# Section 6 Axes scaling

Here, we consider the `medals`

dataset from the `MAS6005`

library. The aim is to compare total number of medals won against population size in the 2016 Rio olympics.

```
plot(medals$population,
medals$total,
xlab = "Population size",
ylab = "Total number of medals won")
```

A couple of problems here:

- the scientific notation (“e+”) on the \(x\)-axis isn’t very friendly;
- there are two countries with much larger populations than the rest. This ‘distorts’ the plot somewhat, in that a lot of the remaining points are bunched together.

We could use a log transformation of the population size (perhaps the first thing you’d try if you were fitting a regression model). We’ll use a \(\log_{10}\) transformation

```
plot(log10(medals$population),
medals$total,
xlab = "log (base 10) population size",
ylab = "Total number of medals won")
```

This fixes the two problems, but if you’re writing for a general audience, the reader may struggle with the idea of ‘log population size’.

An alternative is to use a log (base 10) scale on the \(x\)-axis.
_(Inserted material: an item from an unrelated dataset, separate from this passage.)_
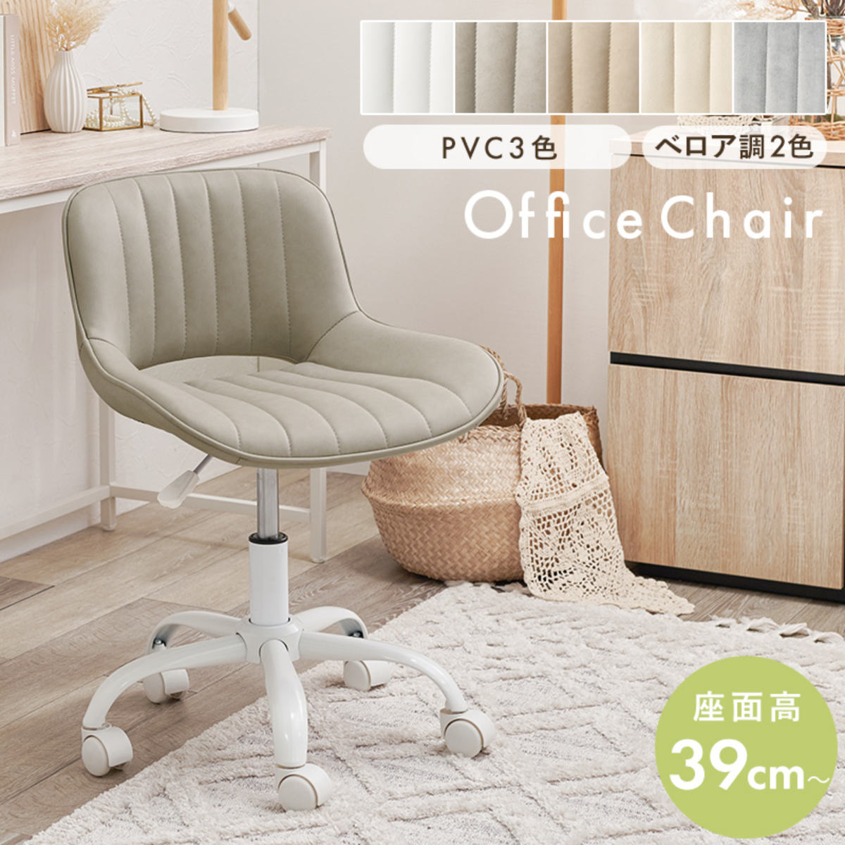 オフィスチェア 座面高39~47cm ベロア調 PVC生地 昇降式 回転 ( ワークチェア パソコンチェア 低め 高さ調節 キャスター付き 学習チェア 勉強椅子 チェア レザー調 ウレタン 360度回転 イス 椅子 いす 肘なし ) 【PVCベージュ】

Visually, this will give the same pattern as plotting total medal against \(\log_{10}\) population, but the plot is (perhaps) a little easier to interpret, as we can still refer to the raw population, not the \(\log_{10}\) population. We can tidy things up further, by plotting the population in millions.

```
plot(medals$population/1000000,
medals$total, log = "x",
axes = FALSE,
xlab = "population (millions)",
ylab = "total number of medals won")
ticks <- c(1 , 10, 100, 1000)
axis(side = 1, at = ticks, labels = ticks)
axis(side = 2)
```

However, you may now need to explain to your reader how to interpret the log-scaled axis! In the following, for example, some readers may think the dashed line represents a population of 50 million (whereas it actually represents a population of \(100^{\frac{3}{4}}\) million).